Disabled protest leader: 'Kahlon will be the death of us'
Leaders of the disabled protest demand original agreement with them—linking benefits to average wage—be upheld; 'Finance minister, Treasury's Budget Department will be the death of us,' says one, adding, 'If benefits were linked, like ministers linked their own wages, we wouldn't be here today.'
Two of the heads of disabled protest organizations decried the government's recent actions regarding raising their benefits, with Welfare Minister Haim Katz claiming Monday that the Finance Ministry was "deceiving the disabled" when it came to raising benefits.
Chairperson of the "Disabled Protest Headquarters" Naomi Moravia told Ynet in an interview that, "There are very severe problems here when it comes to both decision making and upholding agreements."
"The government cannot keep its word on a simple agreement," she accused. "The finance minister and the (Treasury's) Budgets Department will be the death of the disabled, literally. They don't seem to be able to comprehend the benefits are killing us."
"If the benefits were linked—just as the ministers have just linked their own wages to the average wage—had the benefits been linked since 2003, we would not be where we are today," Moravia added.
The chairperson did lend her support to Welfare Minister Katz. "From the struggle's outset he stood his ground and said, 'The disabled deserve minimum wage-level benefits.' The Treasury and the prime minister have cut deals with us, but failed to live up to them," she said.
Chairman of the Polio Patients' Organization Doron Yehuda has been holding protest vigils opposite Katz's home. Unlike Moravia, Yehuda claimed it was the welfare minister who should be looking out of the disabled public and fighting for it.
"The finance minister's job is to foot the bill. The person who needs to take care of the data, give the funds to the disabled and make sure they're divvied up right is the labor and welfare minister," he declared.

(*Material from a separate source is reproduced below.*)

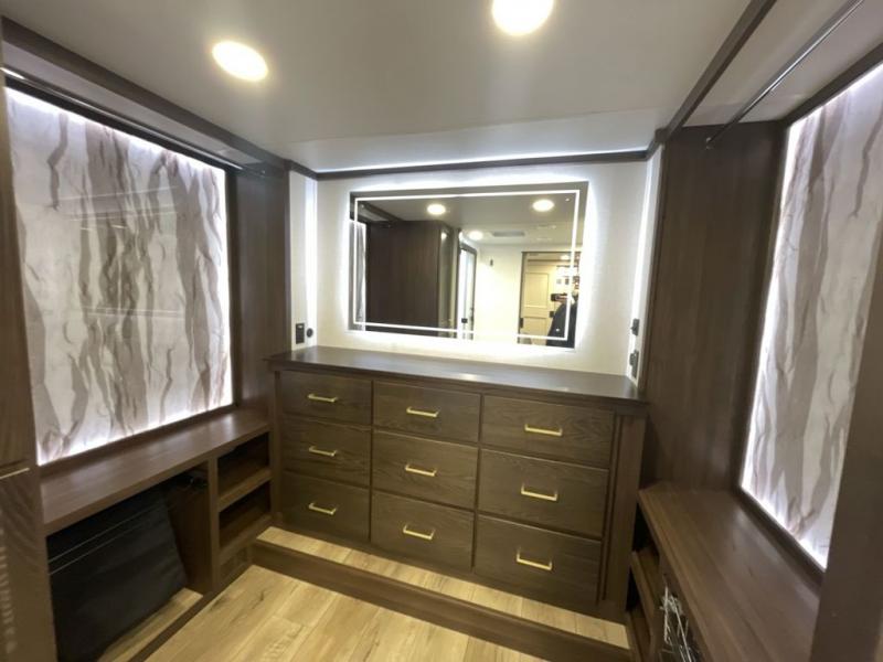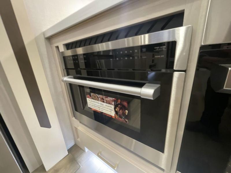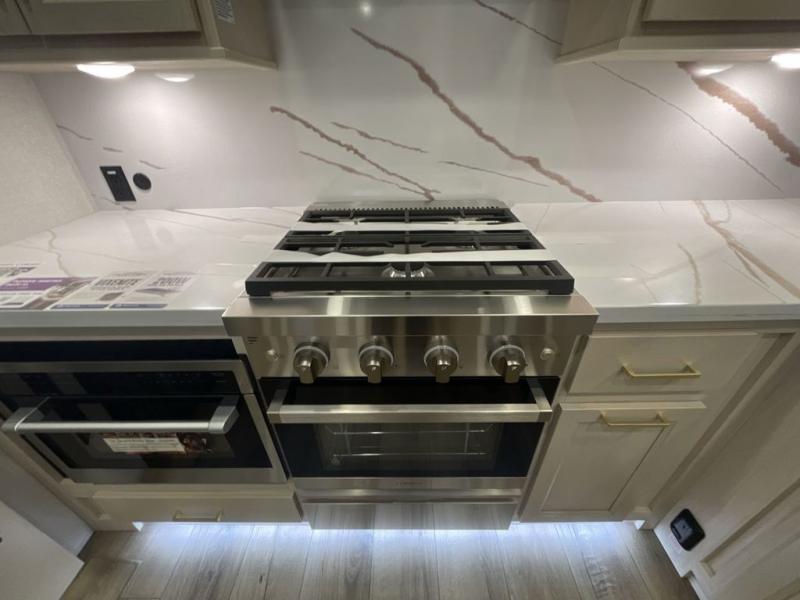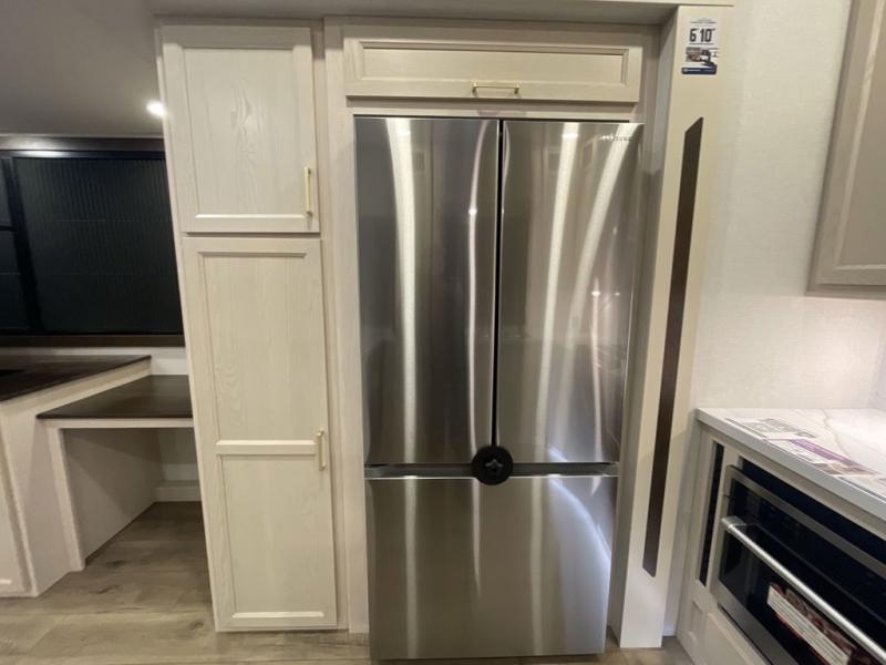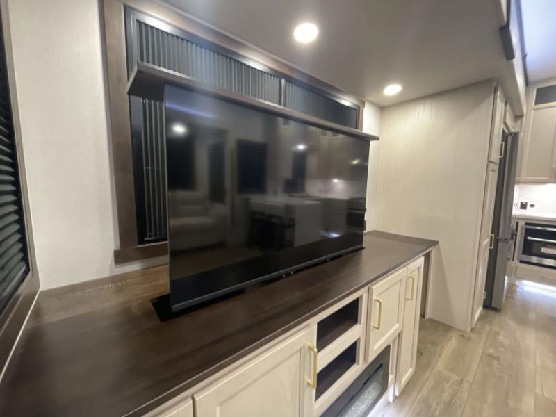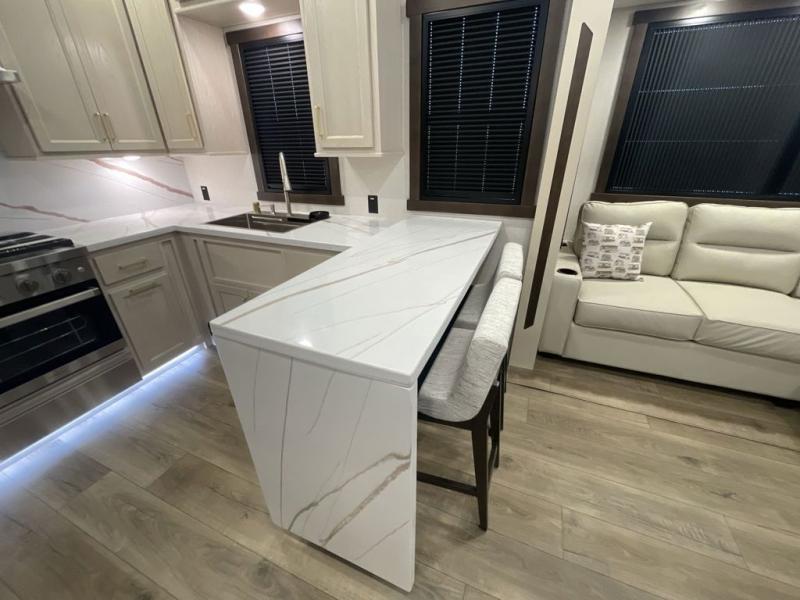 At the front of this 385RK fifth wheel, you’ll find a full bathroom featuring a spacious shower with a built-in seat and convenient LED motion night lighting under the vanity for added comfort. Adjacent to the bathroom is a walk-in closet complete with a dresser and hanging rods, offering ample storage for clothing and gear. Next to this area is the bedroom, which houses a 72" x 80" king bed set in a slide-out for a restful night’s sleep. Across from the bed sits another dresser with a TV, providing extra storage and entertainment. Moving toward the center, a half bath is conveniently located across from the entrance for easy access. The living area opens up with dual opposing slides, creating a roomy lounge space featuring a sectional sofa and an entertainment center with a TV and fireplace, perfect for cozy movie nights. At the rear, the U-shaped kitchen invites the chef of the trip to cook to their heart’s content, equipped with ample overhead cabinets, a 20-cu. ft. stainless steel refrigerator, a 30" stainless steel over-the-range microwave with an updated backsplash, and a 3-burner gas oven with a pull-out pan drawer. Meals can be enjoyed at the convenient bartop with stools to the side, making this fifth wheel both stylish and functional.

"We met with Haim Katz last night. He appeared when we were (demonstrating) in his home and told us there is going to a discussion on the benefits (in the Knesset—ed) Wednesday, and we'll be there," Yehuda said. "I call upon the prime minister to step up on this eleventh hour, and tell the welfare and finance ministers he agrees the disabled should be receiving minimum wage-level benefits."
Concluding the discussion, Moravia said she expected Prime Minister Benjamin Netanyahu to instruct the Treasury's Budgets Department to pass the agreement in its original promulgation. "They should link benefits to the average wage, anchor future increments—but do them right, in 2020 and not 2021—and stop playing around with us. The agreement is there, they should uphold it," she said.
Katz maintained Monday that Treasury Director-General Shai Babad notified him Sunday that the third and fourth increments to raise benefits and link them with the average wage will not be part of the governmental bill on the matter, in contravention of the agreement reached with disabled protest organizations in September 2017.
The Finance Ministry commented, "As part of approving the state's 2019 budget this past Thursday, the government reached a decision to increase disability benefits by NIS 2.15 billion. The government's decision constitutes the first official and binding decision to mention specific sums, and to include earmarking the requisite budgets."